События 1905 г. застали Брюсова в одном из туманов житейской осложненности, когда он так уместно и верно сравнил себя с Антонием:


…Когда вершились судьбы мира

Среди вспененных боем струй

Венец и пурпур триумвира

Ты променял на поцелуй…


(Материалы к биографии, С. 137).


…О, дай мне жребий тот же вынуть,

И в час, когда не кончен бой,

Как беглецу, корабль свой кинуть

Вслед за египетской кормой!


С легкой руки едкого и остроумного В.Ходасевича, г-жу Н. в нашем интимном кругу прозвали «Египетской Кормой». С ней я почти не была знакома, но, по случайным встречам на лекциях и собраниях, помню ее. Деланая томность, взбитая, на пробор декадентская прическа. Туалеты с некоторой претензией на стильность и оригинальность. Общее впечатление скорее — неряшливости. Со слов молодых поэтов, посещавших «Египетскую Корму», роман проходил не гладко: сцены, истерики и бесконечные «послания, полные яду». «Египетской Корме» (с которой, как было известно, муж собирался разводиться) явно хотелось, чтобы ее Антоний кинул, наконец, всерьез свой корабль за ней. Иными словами, требовала развода и женитьбы. Но, отдав должное в звучных стихах безумцу Антонию, которым уже сколько веков восхищаются эстеты, поэт В. Брюсов упорно не желал следовать его примеру. Он по-своему любил свой дом, налаженную семейную жизнь и тот порядок, при котором ему так хорошо работалось… (Погорелова Б. С. 184).

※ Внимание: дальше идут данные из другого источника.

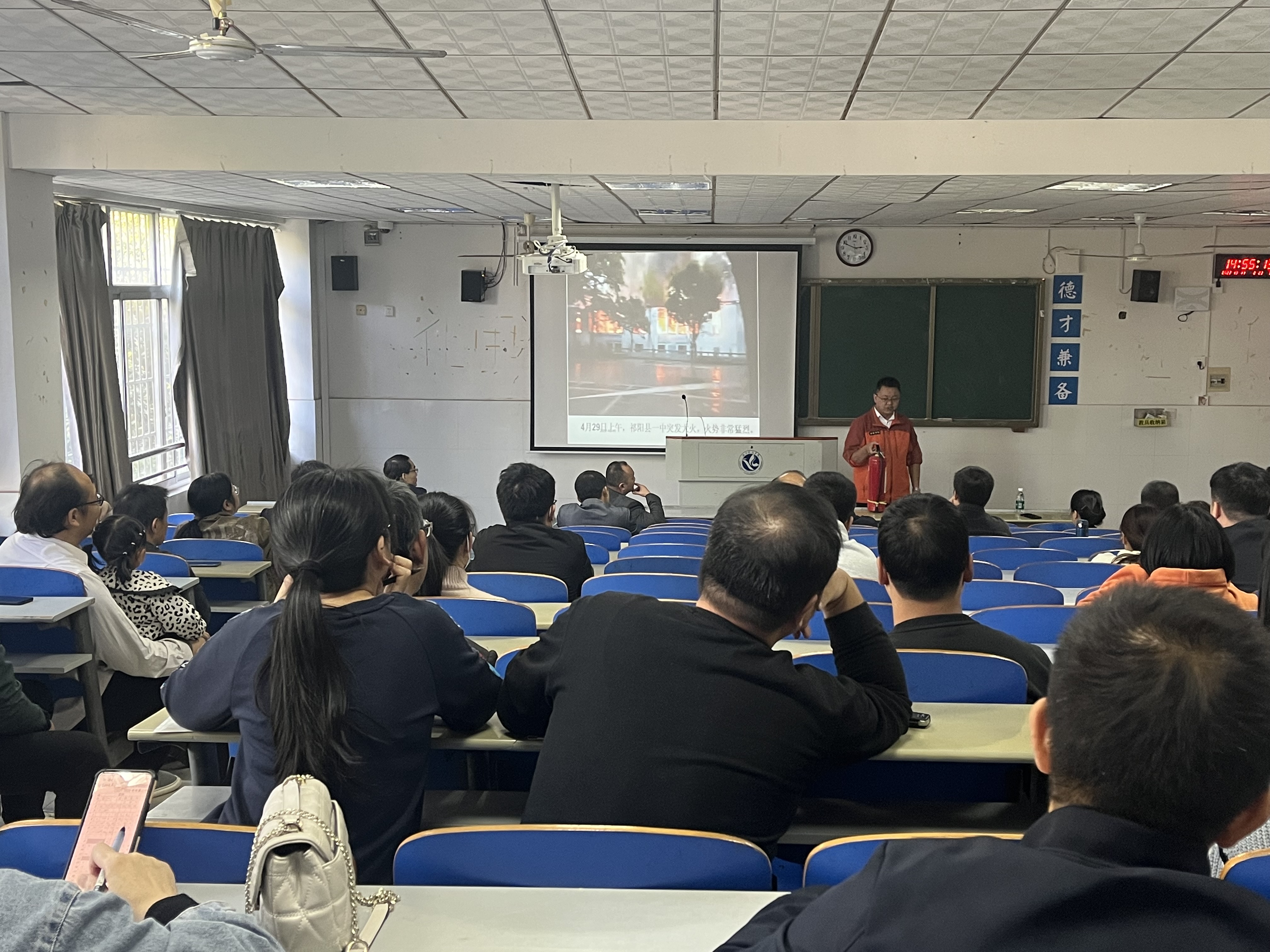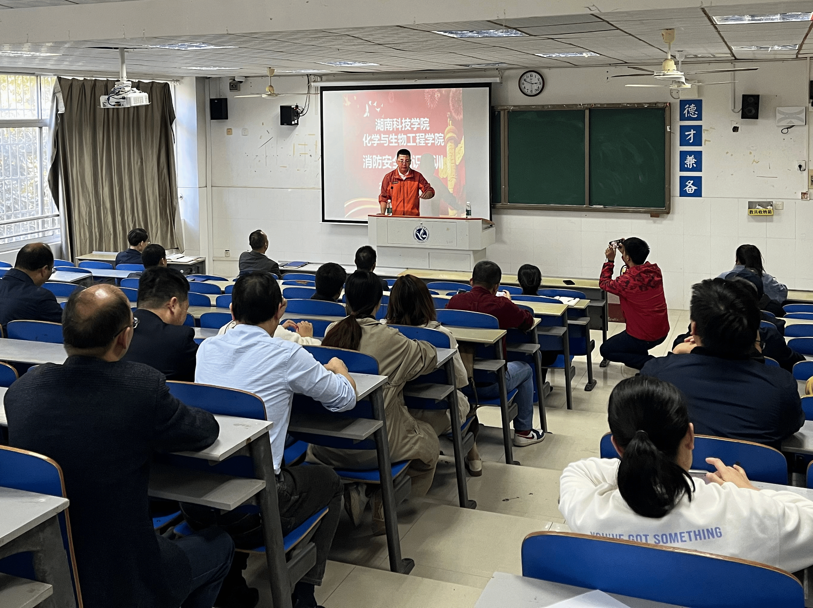 为进一步提高学院全体教职工消防安全意识和自防自救能力,全面筑牢校园消防安全屏障,迎接党的二十大胜利召开,10月11日下午学院邀请永州市湘安消防公益服务中心宣传员谭塘峰为全体教职工开展消防安全知识培训会,培训会由党总支书记曾二青主持。

<Нина Петровская> стала музой поэта Валерия Брюсова; вспомните любовную лирику лучшей его книги — «Венка»: половина стихотворений обращена к ней; вспомните образ «ведьмы», Ренаты, из романа «Огненный Ангел»; там дан натуралистически написанный с нее портрет; он писался два года, в эпоху горестной путаницы между нею, Брюсовым и мною; обстание романа — быт старого Кёльна, полный суеверий, быт исторический, скрупулезно изученный Брюсовым — точно отчет о бредах Н<ины Ивановны>, точно диссертация, написанная на тему об ее нервном заболевании (Белый А. С. 308).

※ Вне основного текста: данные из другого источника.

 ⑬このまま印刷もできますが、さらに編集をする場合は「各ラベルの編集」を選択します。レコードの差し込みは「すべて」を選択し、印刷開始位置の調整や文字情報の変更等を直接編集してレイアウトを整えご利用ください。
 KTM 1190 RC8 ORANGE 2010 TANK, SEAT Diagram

Н. И. Петровская. Маленькая, тоненькая, с иссиня-бледным лицом, с неправильными грубоватыми припухлыми чертами, огромными черными глазами, целым морем черных волос, распространявшая вокруг себя резкий дурман духов, она была эффектна и обращала на себя внимание, Было в ней что-то от африканской женщины (Боровой А.).

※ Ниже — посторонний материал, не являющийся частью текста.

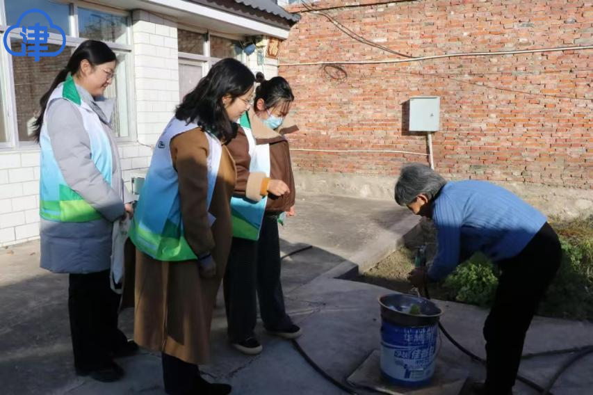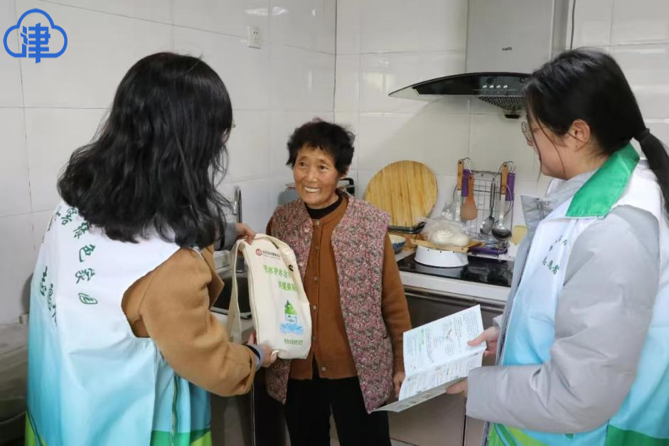 竣工儀式結束後,天津市人民政府外事辦公室及六道街村志願者迅速分組,深入村內20戶村民家中開展節水護水主題宣傳活動。志願者們通過發放宣傳手冊、節水帆布包、雨傘等宣傳物資,向村民普及節約用水小技巧及水資源保護相關知識,引導村民養成“愛水、節水、護水”的良好習慣,讓可持續用水理念紮根農家。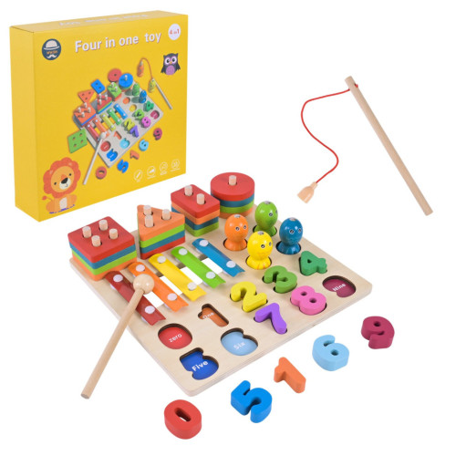 Детская деревянная игрушка "4 в 1" C9404 рыбалка, ксилофон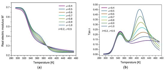 Temperature response of (a) the real part of the electric modulus () and (b) the loss factor () for different values of the fractional parameter , with fixed values 0.2 and 0.5.

Нина Петровская не была хороша собой. Но в 1903 году была она молода, — это много. Была «довольно умна», как сказал Блок, была «чувствительна», как сказали бы о ней, живи она столетием раньше. <…>

В 1904 году Андрей Белый [130], поэт, мистик, был еще очень молод, золотокудр, голубоглаз и в высшей степени обаятелен <…> Им восхищались. В его присутствии все словно мгновенно менялось, смещалось и озарялось его светом. И он в самом деле был светел. <…> Общее восхищение, разумеется, передавалось и Нине Петровской. Вскоре перешло во влюбленность, потом в любовь.

О, если бы в те времена могли любить просто, во имя того, кого любишь, и во имя себя! Но надо было любить во имя какой-нибудь отвлеченности и на фоне ее. Нина обязана была в данном случае любить <А. Белого> во имя его мистического призвания, в которое верить заставляли себя и она, и он сам. И он должен был являться перед нею не иначе, как в блеске своего сияния — не говорю поддельного, но… символического. Все было соответственно стилизовано. Малую правду, свою просто человеческую любовь они символически, условно рядили в одежды правды неизмеримо большей. На черном платье Нины Петровской явилась черная нить деревянных четок и большой черный крест. Такой крест носил и А. Белый…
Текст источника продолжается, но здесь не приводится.